* Supplied data
┌────────

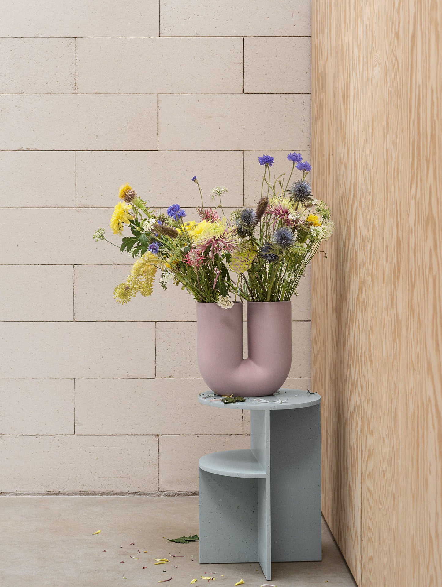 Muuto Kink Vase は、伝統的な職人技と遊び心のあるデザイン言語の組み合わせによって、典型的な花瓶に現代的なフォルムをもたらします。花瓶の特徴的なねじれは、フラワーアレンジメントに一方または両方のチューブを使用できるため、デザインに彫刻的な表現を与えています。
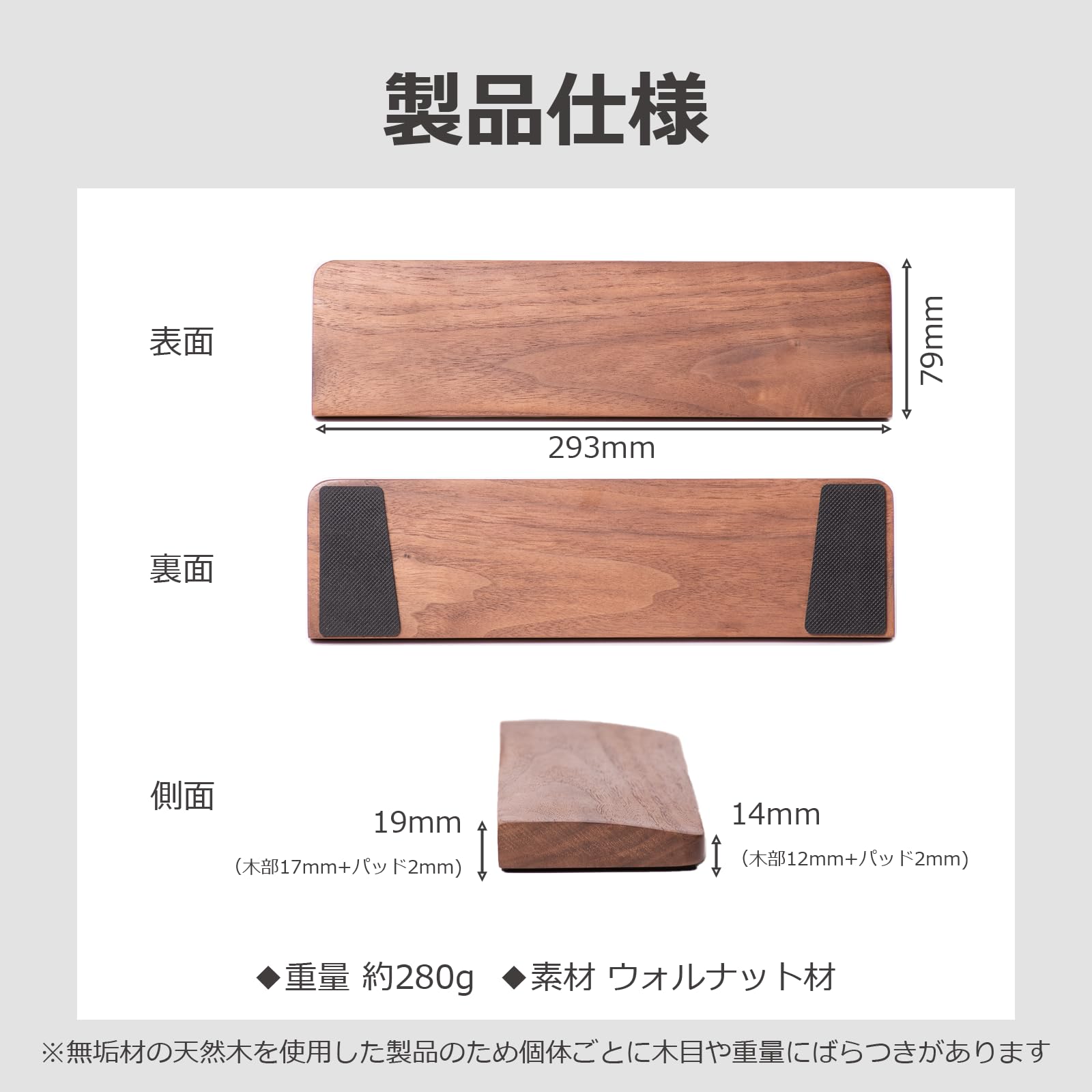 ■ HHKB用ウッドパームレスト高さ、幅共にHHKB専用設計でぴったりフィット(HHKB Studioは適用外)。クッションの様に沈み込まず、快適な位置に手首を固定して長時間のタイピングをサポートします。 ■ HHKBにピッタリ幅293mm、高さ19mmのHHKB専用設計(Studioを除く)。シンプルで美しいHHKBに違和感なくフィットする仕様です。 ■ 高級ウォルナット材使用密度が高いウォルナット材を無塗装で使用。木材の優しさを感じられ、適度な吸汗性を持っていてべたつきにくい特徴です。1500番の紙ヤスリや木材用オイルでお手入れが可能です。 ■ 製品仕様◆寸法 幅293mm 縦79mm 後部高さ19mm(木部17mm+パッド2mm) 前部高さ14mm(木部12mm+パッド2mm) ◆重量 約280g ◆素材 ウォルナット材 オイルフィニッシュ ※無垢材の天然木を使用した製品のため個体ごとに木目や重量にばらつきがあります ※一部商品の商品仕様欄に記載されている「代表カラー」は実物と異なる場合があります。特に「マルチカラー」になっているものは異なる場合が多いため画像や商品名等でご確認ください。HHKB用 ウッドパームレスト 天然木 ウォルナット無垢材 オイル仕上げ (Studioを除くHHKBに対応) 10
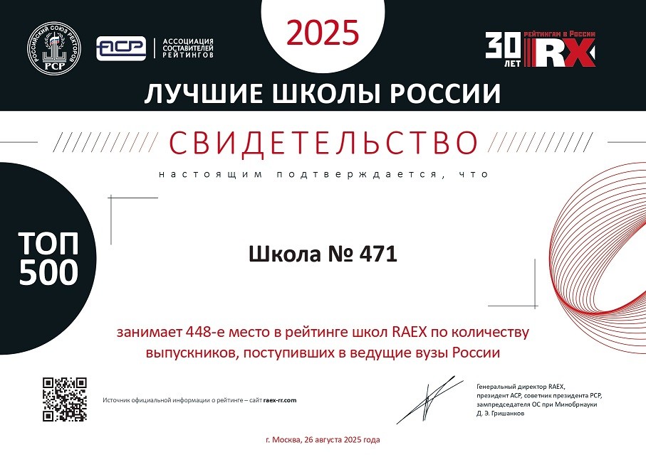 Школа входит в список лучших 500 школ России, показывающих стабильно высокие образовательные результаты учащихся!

└────────

* What the exercise asks
With images left out, the data must be transcribed exactly.

* Solution
 Muuto Kink Vase は、伝統的な職人技と遊び心のあるデザイン言語の組み合わせによって、典型的な花瓶に現代的なフォルムをもたらします。花瓶の特徴的なねじれは、フラワーアレンジメントに一方または両方のチューブを使用できるため、デザインに彫刻的な表現を与えています。
 ■ HHKB用ウッドパームレスト高さ、幅共にHHKB専用設計でぴったりフィット(HHKB Studioは適用外)。クッションの様に沈み込まず、快適な位置に手首を固定して長時間のタイピングをサポートします。 ■ HHKBにピッタリ幅293mm、高さ19mmのHHKB専用設計(Studioを除く)。シンプルで美しいHHKBに違和感なくフィットする仕様です。 ■ 高級ウォルナット材使用密度が高いウォルナット材を無塗装で使用。木材の優しさを感じられ、適度な吸汗性を持っていてべたつきにくい特徴です。1500番の紙ヤスリや木材用オイルでお手入れが可能です。 ■ 製品仕様◆寸法 幅293mm 縦79mm 後部高さ19mm(木部17mm+パッド2mm) 前部高さ14mm(木部12mm+パッド2mm) ◆重量 約280g ◆素材 ウォルナット材 オイルフィニッシュ ※無垢材の天然木を使用した製品のため個体ごとに木目や重量にばらつきがあります ※一部商品の商品仕様欄に記載されている「代表カラー」は実物と異なる場合があります。特に「マルチカラー」になっているものは異なる場合が多いため画像や商品名等でご確認ください。HHKB用 ウッドパームレスト 天然木 ウォルナット無垢材 オイル仕上げ (Studioを除くHHKBに対応) 10
 Школа входит в список лучших 500 школ России, показывающих стабильно высокие образовательные результаты учащихся!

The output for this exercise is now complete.